Read a sample from SPELL BOUND by

PROLOGUE

He watched the girl stumble from the motel office, room key glinting under the harsh lights of the  parking lot. Lightning flashed, illuminating her fi gure. Tall and slender, barely more than a teen, too young to be out alone in a place like this, on a night like this.

Thunder rumbled and crashed. The parking lot lights flickered and buzzed. Sheets of ice-cold rain battered the girl. She kept walking, oblivious, as her long hair whipped against her face.

She paid no attention to the storm. No attention to the dark. No attention to him, standing across the road, watching.

So young. So confident. So foolish.

The girl stopped at her room and jammed the key into the lock. When it didn’t work the first time, she  cast an unlock spell. The door swung open. She staggered inside.

So young. So powerful. And, at this moment, so broken.

Perhaps he could use that.

The girl had just solved the murders of three young women in a nearby town. On the surface, the deaths were unremarkable. Humans killed each other all the time. As it turned out, the first two fit the usual pattern—pointless deaths, tragic for a few, meaningless to everyone else. The third was different. She’d been killed by a half-demon spirit, escaped from her hell dimension. A mere shade should not be able to do such a thing. But the halfdemon had help, powerful help, and her escape was yet another sign that what he’d foreseen was inevitable.

For years, mortal supernaturals had whispered about signs and portents. The impossible becoming  possible. Humans learning magic. New races evolving within a generation. Bitten werewolves passing their genes to their offspring. A clairvoyant of unsurpassed power, born from a dead mother. As one who had observed for millennia, he knew these were not new occurrences. Merely rare. Yet with so many in quick succession, even the demonic and the celestial had taken note. Some believed. Others did not, but saw opportunity in the growing unrest.

Now mortal supernaturals who believed the signs were coalescing under one man. A man with a dream that could change the world. Or destroy it. The demonic and the celestial took note of that, too. They  whispered. They conspired. They chose a side.

The girl in the motel room knew nothing of this. She’d sent the half-demon shade back to her hell and considered the matter closed, except for the details that obsessed her now, ones that had nothing to do with the gathering storm.
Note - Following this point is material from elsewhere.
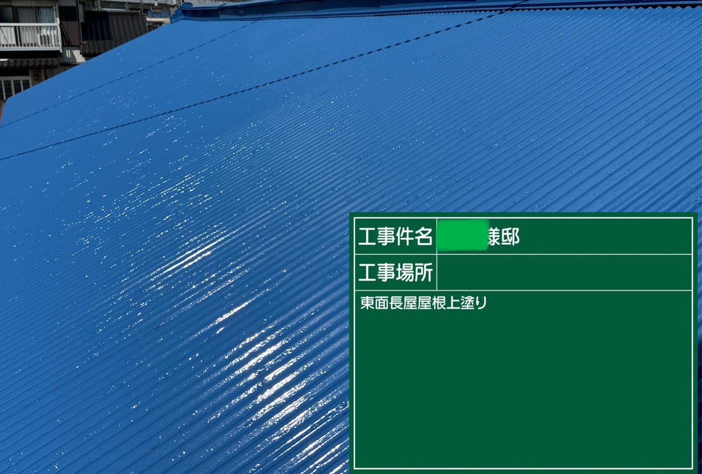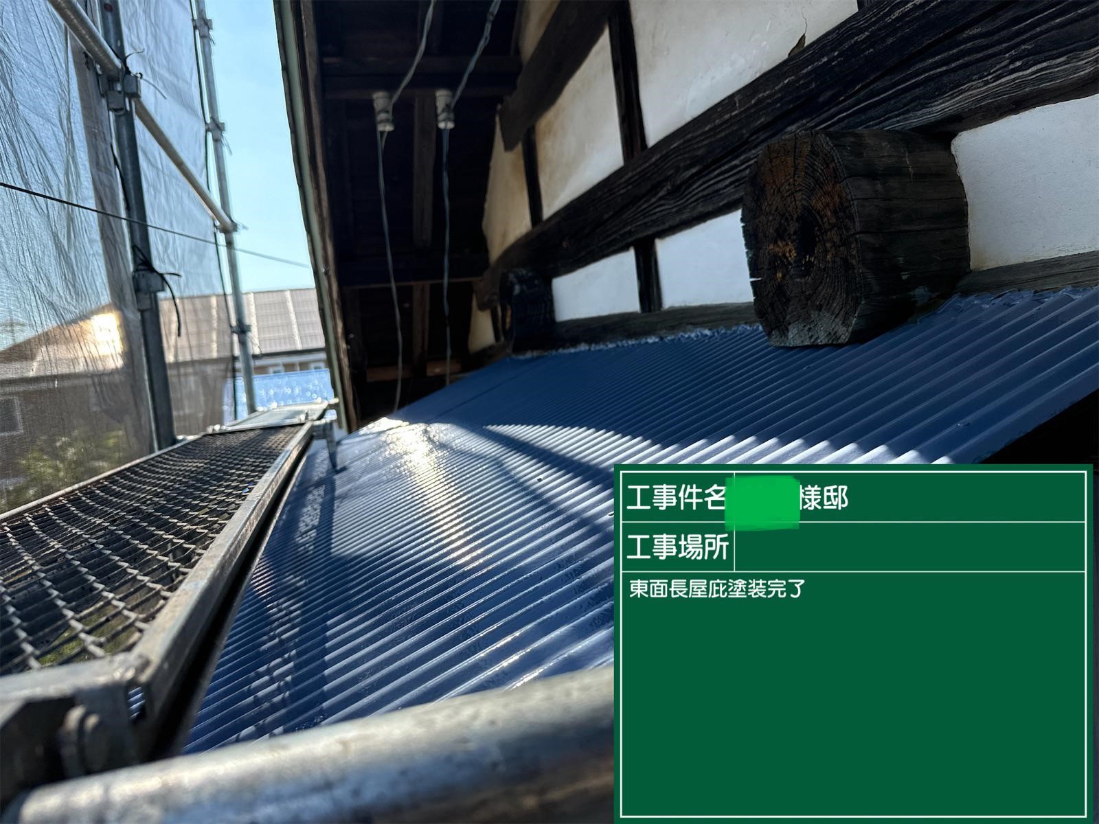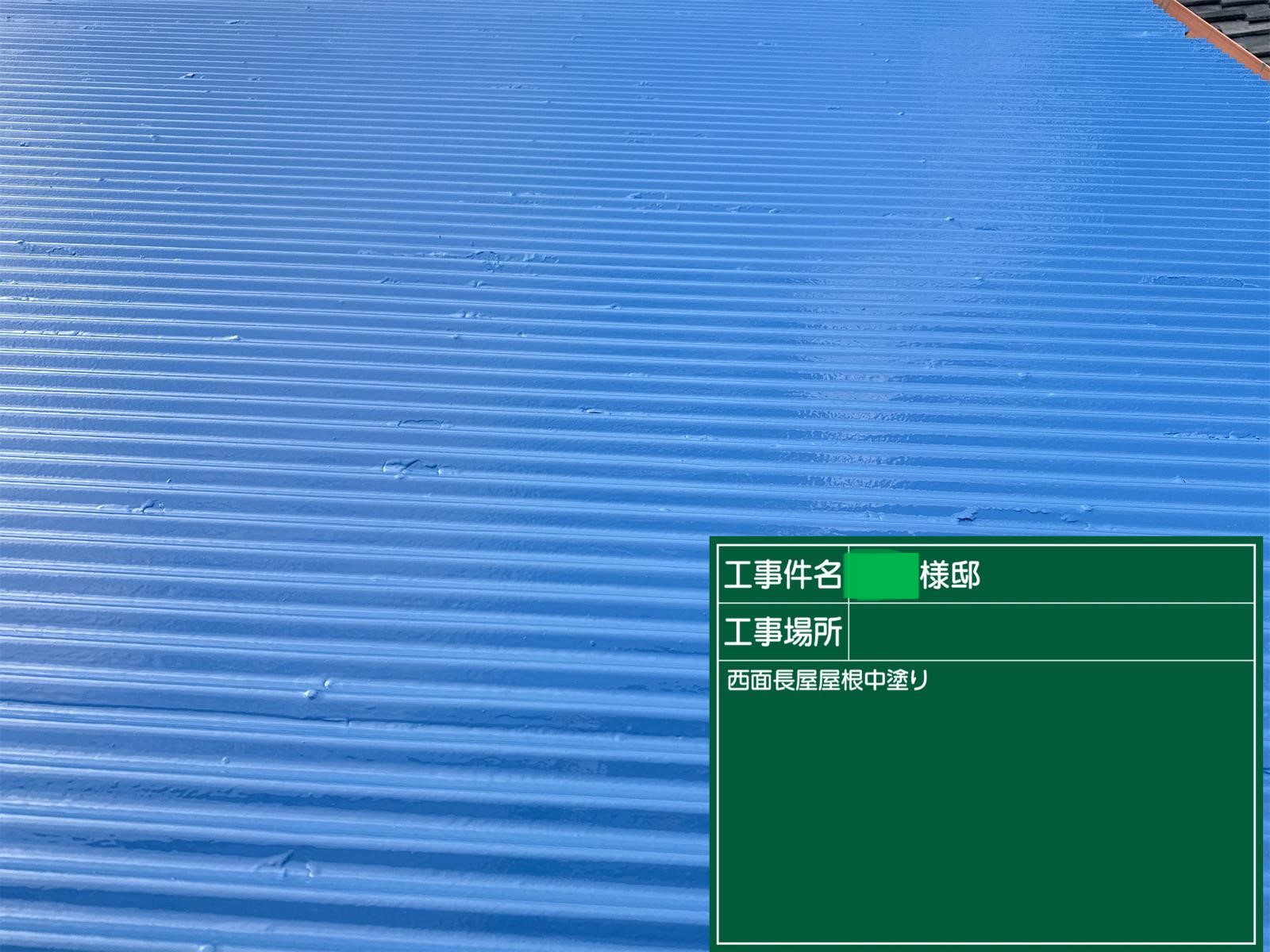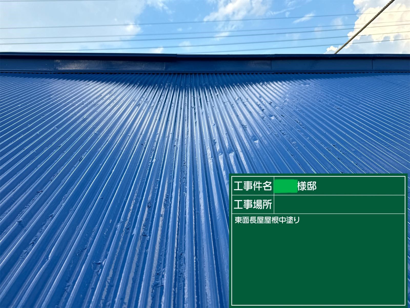屋根の上塗りを行いました。

Before the half-demon shade was banished from the living world, she’d exacted revenge by telling the  authorities who had killed the first two young women—the mother of one. It had been accidental. A  struggle, the gun goes off. It concerned him not at all. But it did concern the girl in the motel room. She’d been the one who learned the truth. The half-demon shade simply acted on her findings.

Now the girl couldn’t stop thinking about the woman she’d inadvertently sent to prison. Couldn’t stop thinking about the child, alone now, mother dead, grandmother accused of her murder.

It mattered not a whit in the larger scheme of things. In a few days, the girl in the motel room would be swept into the maelstrom brewing in the supernatural world. She would play a role. A critical role. A  dangerous role.

Now inside the room, the girl flicked on the light, only to have it go out again as the power failed. She cast a light ball.

Thank God for my spells, he heard her think.

She paused then and images flickered through her mind. Images of the accused woman and the  orphaned child. Of the girl’s own mother and father, whose long-ago deaths she felt responsible for. Of a man she’d begun to care for, killed by the half-demon shade.

Guilt. Anguish. Despair.

Then a clear thought. If I could fix even one thing, and give Kayla back her grandmother, I’d gladly give up my powers.

He smiled. Yes, he could definitely use that.